The rights in the woods was one of the next American "Wests" to emerge in Kentucky. All white men in each of the successive American Wests believed in the private ownership of land. The difference focused on the scope conferred by private land titles. The pioneers, represented by Daniel Boone, made a presumption; unimproved land, whatever its legal status, was semipublic property which they were able to cross at will, collect dead timber, to let their stock graze and to hunt game.
The Bluegrass system, which emerged around the beginning of the nineteenth century until the War of 1812, symbolized the dynamic drive of economic development by the Bluegrass elites. These elites were made up of a combination of lawyers, merchants, and planters who believed in improving their economic well-being. These Bluegrass elites, were represented by Henry Clay. Clay's main weakness was to focus on the elites' interests and not the interests of the whole state of Kentucky. Clay truly felt the Bluegrass System bettered the lives of white and black laborers in or near to the city of Lexington. This flawed economic view surfaced in the cultivation of hemp. The planters possessed the lands and hands necessary to exploit hemp cultivation, which required intensive, year-round labor. Due to their fruitful lands and slave labor; a style and standard of living emerged surpassing the world they left behind on the East coast of America due to the cultivation of hemp as a cash crop. Another cash crop was Bourbon whiskey which provided another use for corn. Due to the high price of Bourbon whiskey farmers where able to obtain items from import merchants.
The Bluegrass elites also recognized the need for an alliance between private enterprise and public finance, if they were to remain in power. Henry Clay was able to put together an "America System" first as a state representative and then as a national politician. Clay cloaked regional interests in national rhetoric. His national rhetoric focused on protective tariffs, internal improvements and banking policies.

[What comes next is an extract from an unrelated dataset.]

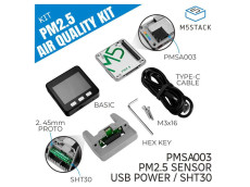 温度・湿度、空気質を気軽に計測・モニターできるM5Stack Basicベースの空気質センサキットです。M5Stack Basic本体、SHT30温湿度センサ、PM2.5ベース(PMSA003デジタル粒子濃度センサ搭載)などから構成され、温度・湿度・粒子濃度を容易に測定・モニターできます。

It is interesting to note each of these groups made "...their bargains with the devil of slavery." Due to the need for unfree labor to produce Kentucky's marketable commodities, these groups were willing to overlook the issue of slavery. Unfortunately, slavery was to complicate and hinder the political and geographic consolidation of the United States until well after the America Civil War.
I liked the way the "...messier dynamics...when people came together and their different ways collided, ..." I believe this book's approach gives the reader a greater depth of understanding about the regional history of Kentucky and some of the possibilities which were lost as America expanded geographically.